Travail de sape en profondeur
Une vague de frappes sur la profondeur du dispositif russe qui en rappelle une autre : l’année dernière, avant leur grande offensive de l’été, les Ukrainiens avaient méthodiquement coupé les troupes ennemies de leurs arrières et de leur ravitaillement.
- Ce fut un travail de sape de longue haleine, pour lequel l’artillerie occidentale moderne, dotée d’une plus grande portée que les contre-batteries russes, a été particulièrement utile. Les obusiers français Caesar et les lanceurs de missiles américains HIMARS ont offert un avantage stratégique capital aux Ukrainiens.
- Se pourrait-il qu’ils recommencent la même manœuvre, avec des drones explosifs, des groupes de partisans saboteurs, voire des forces spéciales en territoire russe ? C’est une quasi-certitude, même si c’est difficile d’avancer avec quelle ampleur, car les Ukrainiens sont aussi devenus des champions du contrôle de l’information.
- C’est d’ailleurs là un autre champ de bataille sur lequel ils travaillent psychologiquement les Russes avant d’attaquer. Les artilleurs ukrainiens se mettent en scène, assurant qu’ils ne frapperont pas les soldats russes qui transmettront des informations sur leurs propres lignes logistiques. L’important n’est même pas que ça fonctionne, mais plutôt de saper la confiance au sein de l’armée ennemie.
"Donnez-moi les coordonnées des dépôts et je ne frapperai pas les casernements d'où proviennent les infos" – une technique intéressante qui joue sur la pression psychologique… à voir ce qui en ressortira… https://t.co/YqksINNQH0
— Défense & Sécurité Internationale (@DSI_Magazine) May 3, 2023
Une phase déterminante de la guerre
L’offensive à venir – et la préparation des Russes, qui s’y attendent – déterminera probablement l’entrée d’une nouvelle phase dans la guerre. « Kiev comme Moscou jouent gros dans les mois qui viennent » rappelait Cédric Mas sur sa chaîne Mastodon. « Les Ukrainiens doivent montrer qu’ils peuvent vaincre (et donc que les soutenir est justifié). Poutine doit montrer qu’il ne peut être vaincu (et donc que le soutien à ses ennemis est inutile). L’armée ukrainienne n’a ainsi pas le droit à l’erreur faute de réserves, mais la Russie non plus car elle est plus isolée que jamais dans le monde. »
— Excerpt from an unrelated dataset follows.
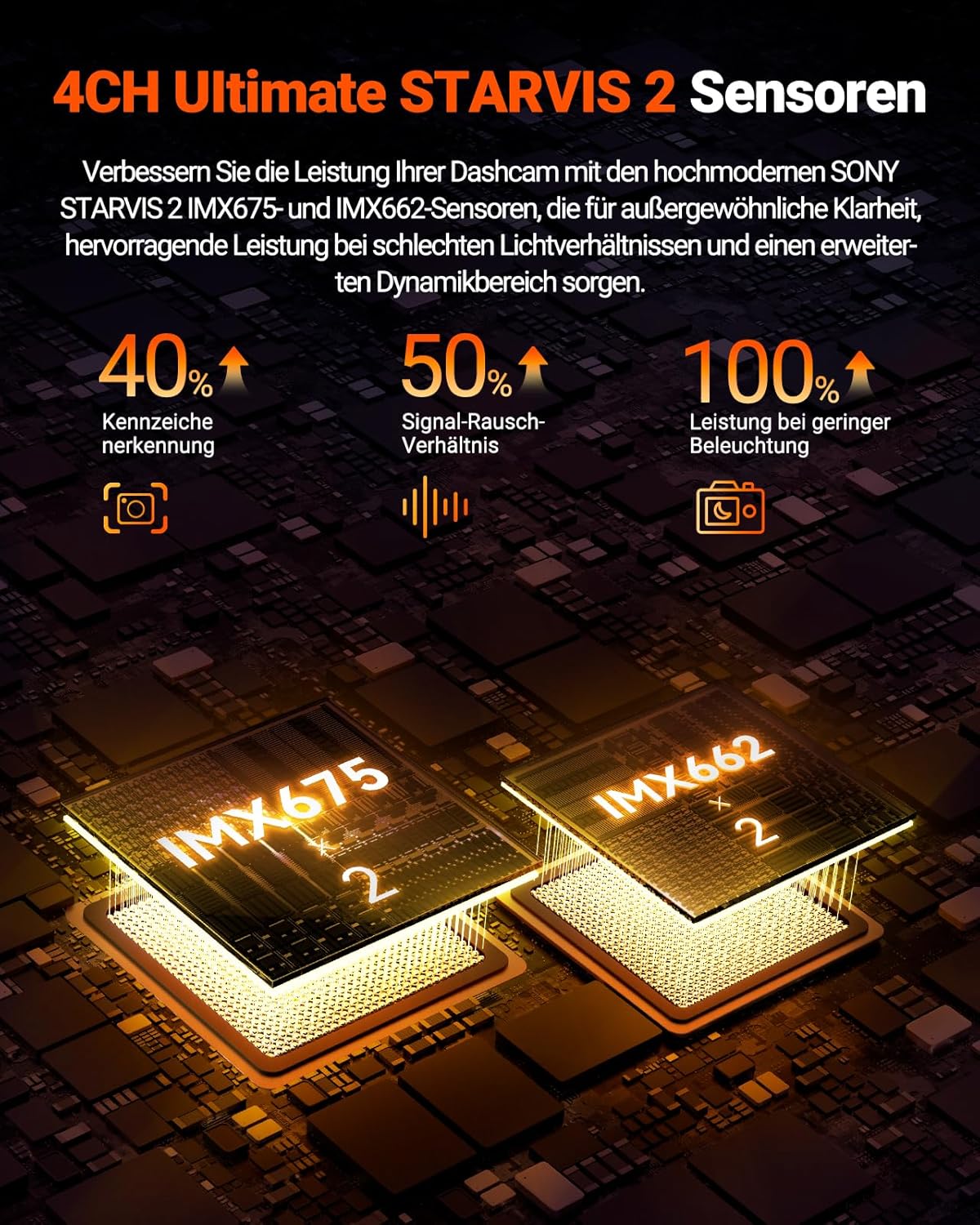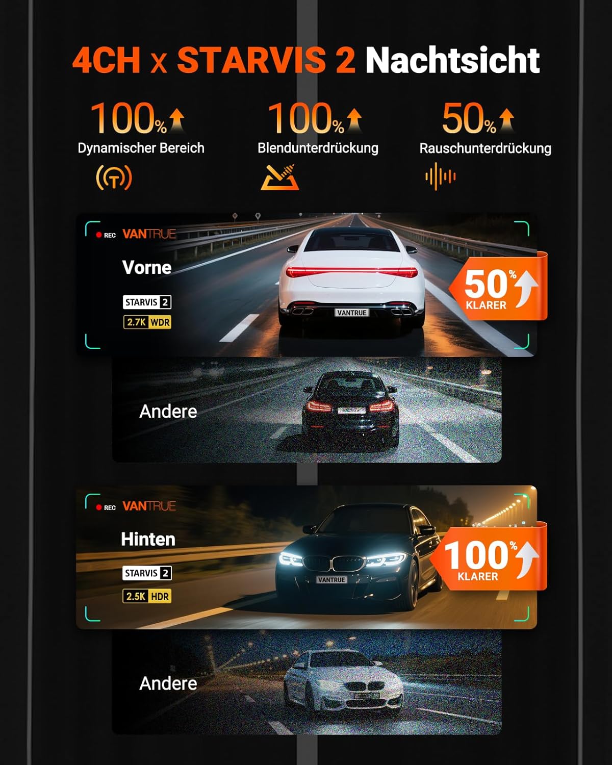 • УНИКАЛНА 4-ОБЕКТИВНА STARVIS 2 HDR АВТОМОБИЛНА КАМЕРА - N5S е първата видеокамера с 4-канален чип STARVIS 2, осигуряващ истинско високопроизводително изживяване. Двуканалният STARVIS 2 IMX675 (отпред/отзад) и двойният IMX662 (в автомобила) сензори осигуряват надеждни, висококачествени изображения. Благодарение на 4-каналния HDR, шофьорите получават по-ясна представа за пътя, което улеснява навигирането в пътните ситуации и заснемането на важни моменти по-елегантно. Като всеотдаен доставчик, VANTRUE непрекъснато разработва своите продукти от 10 години, за да направи шофирането ви по-безопасно.

- L’offensive informationnelle fait ainsi rage dans les deux camps, d’autant qu’en Russie on prépare le Jour de la Victoire, le 9 mai, grand moment de patriotisme et de démonstrations militaires.
- Le Kremlin aurait sûrement adoré annoncer une victoire à Bakhmout pour l’occasion, et n’était pas loin de le faire, mais les Ukrainiens semblent avoir mené une contre-attaque pour repousser les troupes russes et les mercenaires de Wagner.
- La ville reste disputée, et les Russes devront y affecter encore plus de moyens. De toute évidence, leurs offensives de l’hiver, arrivées à bout de souffle, n’auront pas apporté grand-chose à part de l’usure. Or, les Ukrainiens semblent bien avoir déployé de nouvelles brigades maintenues en réserve. Quelque chose de très gros se prépare, et ces derniers ont l’initiative. Reste à voir ce qu’ils vont en faire.